Tyndal waited for the flame to die away before he sprung into the breech and sent a blast of penetrating concussive force – the drawbridge-breaking spell – into the face of the beast.  Then he leapt away again as a second blast of flame chased him down the corridor.

As soon as it died, it was Rondal’s turn.  Instead of blackfire it was a blue lance of power that split the air and filled it with the smell of ozone that flew from his blade. 

“Nothing!” he spat, as he rolled out of the way. 

“Our turn!” Terleman said, from behind them, as he and Azar jogged up through the ruined, burning corridor.  “All four of us, let’s clobber it at once!”

“The head is pointing this way,” Rondal advised.

“That’s the vulnerable part,” Azar remarked.

“That’s the part with the teeth and the flamethrower,” Tyndal corrected.

“If we wish to slay the thing, it won’t be through the tail,” Terleman insisted.  “The head is our best opportunity.”

“Have we
really
determined that?” complained Tyndal, in a scholarly tone, “or are we just making an assumption?”

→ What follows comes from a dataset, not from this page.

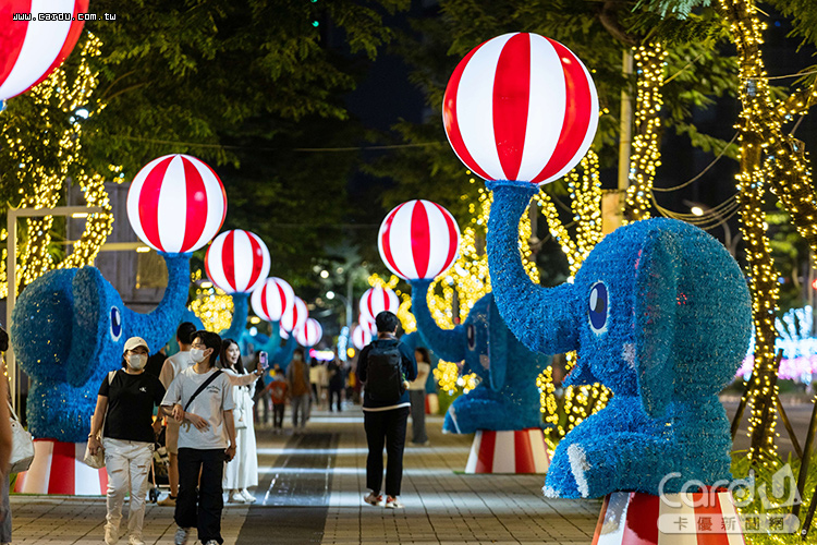 位於捷運板橋站南廣場的「耶誕精靈馬戲派對」、縣民大道人行道的「大象轉轉球」等燈區同步亮相,讓整座城市化為光影舞台。縣民大道至新府路口設置「馬戲砲彈聲光站」、「Popcorn戲院」與「耶誕驚喜小劇場」,分別以聲光特效、香氣與3D投影帶來多重感官體驗,讓民眾從視覺到嗅覺都沉浸於節慶氛圍。

“Now!” Terleman said, lobbing a spell at the beast that was so powerful it singed Tyndal’s eyelashes as it stabbed through air.  A moment later Azar was throwing more bolts from his own blade.  Tyndal and Rondal both joined in, with Tyndal selecting the second of his hung spells.  It sent a wave of tuned power rolling across the floor at knee level, rising in a growing crest as it approached the beast.  Along the way it ensnared part of Rondal’s spell – a rolling green wheel of power – and propelled it with powerful force against the dragon’s face.